GitHub Daily ("辛哥的开源风向") is a publication project, not an agent plugin. It produces one artifact per day: a developer-facing technical briefing with two fixed sections:

  1. AI Agent 标杆项目动态 — the four repos in config.yaml (default: anthropics/claude-code, openai/codex, openclaw/openclaw, NousResearch/hermes-agent). Issues / PRs / commits (all branches) / releases.
  2. GitHub 开源社区风向 — Daily Trending Top 1 + Weekly Trending Top 10, deduped.

Pipeline layers:

  • collectors/trending.py (HTML scrape + gh hydrate, JSON output) and repos.py (gh CLI, SQLite output).
  • analysts/ — three writing roles, each backed by a claude CLI subprocess: narrator.py (1a, sonnet), trending_reviewer.py (1b, opus 4.7, gets shallow clone + Read/Grep/Glob), editor.py (2, sonnet, assembles publication MD).
  • renderers/publication.py — MD → HTML (markdown-it-py) → PDF + JPEG (Playwright headless Chromium).
  • web/ — FastAPI app for browsing/downloading artifacts.
  • schedules/install.py — launchd plist generator from config.yaml.
  • prompts/ — system prompts: SOUL.md (publication voice, prepended to every analyst), narrator.md, trending_reviewer.md, editor.md.
  • assets/themes/apple.css (lifted/adapted from getdesign.md/apple, MIT) + shell.html.

config.py is the single source of truth for runtime configuration; all other modules import from it.

Storage split

  • Trending data: JSON file per day at data/trending/<date>.json. File-first ("publishable artifact" principle).
  • Tracked repo data: SQLite at data/github-daily.db. Schema in db/models.py — full schema created up front (incl. reports, analysis_steps, fetch_log) to avoid migrations.
  • Trending reviews: JSON cache per repo at data/trending_reviews/<owner>-<repo>.json. Cache key is (owner, repo) only — no SHA check; while a repo stays on any trending list it's reused, after 7 days off-list cleanup.py purges.
  • Publications: Markdown at data/publications/<date>.md (also stored in reports table).
  • Renders: data/renders/<date>/publication.{html,pdf,jpeg}.

Voice layer (SOUL.md)

prompts/SOUL.md defines the publication's persona — distilled from xinge's IDENTITY/SOUL but stripped of personal details. analysts.build_system_prompt() prepends it to every role-specific prompt before calling claude. To change the publication's tone, edit only this one file. To disable voice injection entirely, delete SOUL.md — the helper falls back to the role prompt alone.
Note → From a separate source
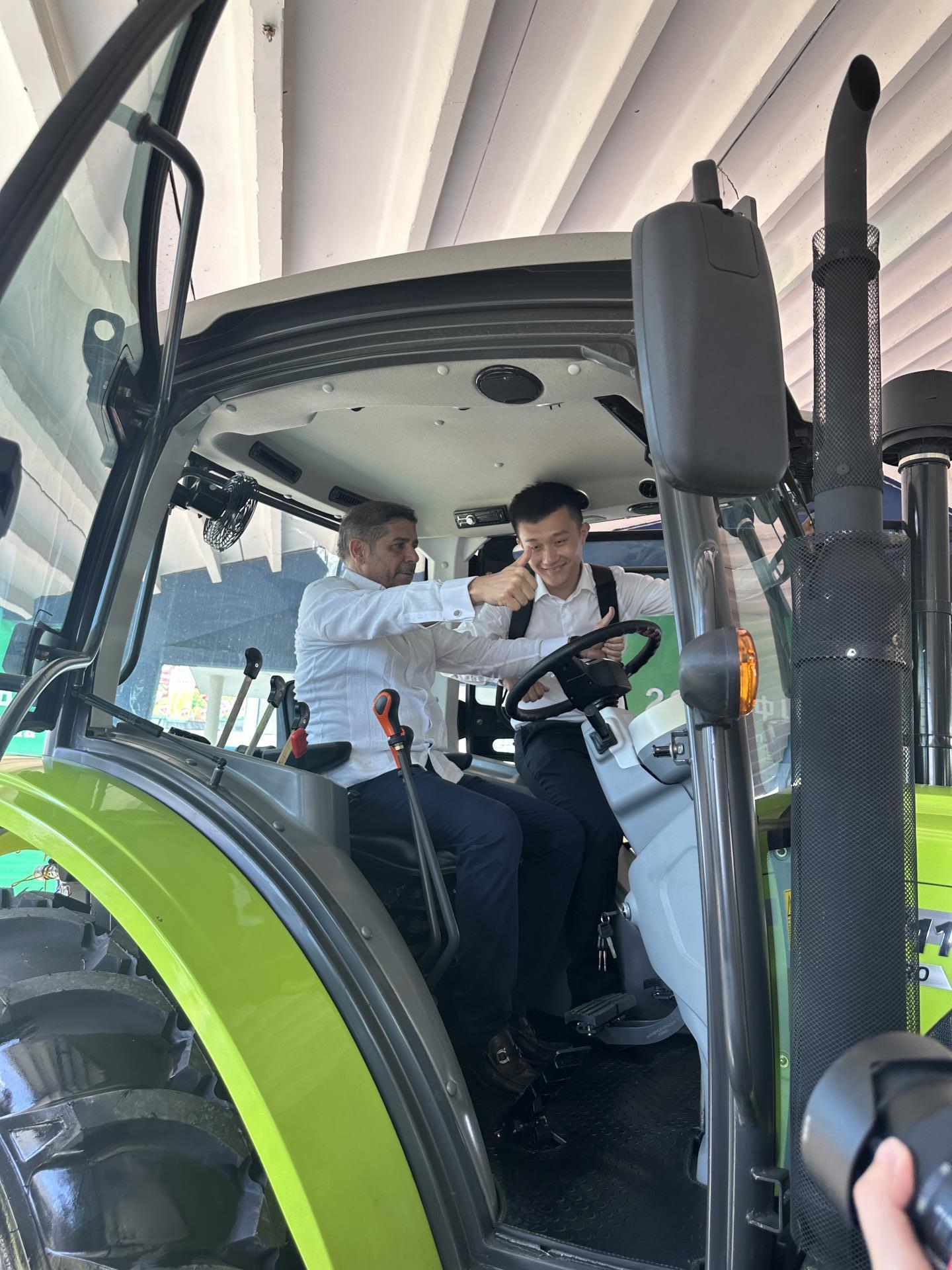 期間,多米尼加農(nóng)業(yè)部部長(zhǎng)林博·克魯斯饒有興致地登上中聯(lián)重科RN1104拖拉機(jī)駕駛室,他摸了摸方向盤(pán)、試了試操作桿,在親自體驗(yàn)中聯(lián)重科產(chǎn)品品質(zhì)后,他高興地豎起兩個(gè)大拇指稱(chēng)贊道“Muy bien(很好)!”
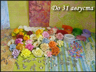 | Конфетка от магазина http://www.scrapbooksale.ru/ до 22 августа В конфетку входит - шикарный набор плотной бумаги с различными эффектами "Mariposa" (48 листов); - тканевые цветочки с бисером от Petaloo; - сахарные розочки от Prima marketing; - заготовки для изготовления открыток от Flower soft; - микс Flower soft цвет "Summer"; - дырокол от Martha Stewart "lace heart"; - радужная большая чернильная подушка от Ranger; - чернила Colorbox, цвет Rain forest; - штампик от Sarah Kay; - набор штампов Inkadinkado; - заготовка для мини-альбома "цветок"; - фетровый цветочный бордюр; - тканевая лента от Webster pages; - половинки жемчужинок и страз от Prima Marketing

Key voice rules: judgment-first, data-before-guess, plain language, acknowledge dull days, no over-extrapolation. Banned: emoji, "赋能/闭环/抓手/值得关注/重磅" and similar filler. Encouraged: explicit "看不准" / "不知道" / "直接跳过".

Load-bearing constraints

  • Agent-independent. No lock-in to OpenClaw, Hermes, or Claude Code as a runtime. The analysis layer must keep a stable interface so the backing model/agent can be swapped without touching collectors or renderers.
  • Source-first. Prefer direct GitHub pages and the gh CLI over third-party aggregators.
  • Publishable artifact. The repo itself produces the publication. Downstream agents only fetch and distribute — they must not be required to do rendering.

Language

User-facing content (publication, README.md, docs/) is primarily Chinese. Code identifiers and file names stay in English.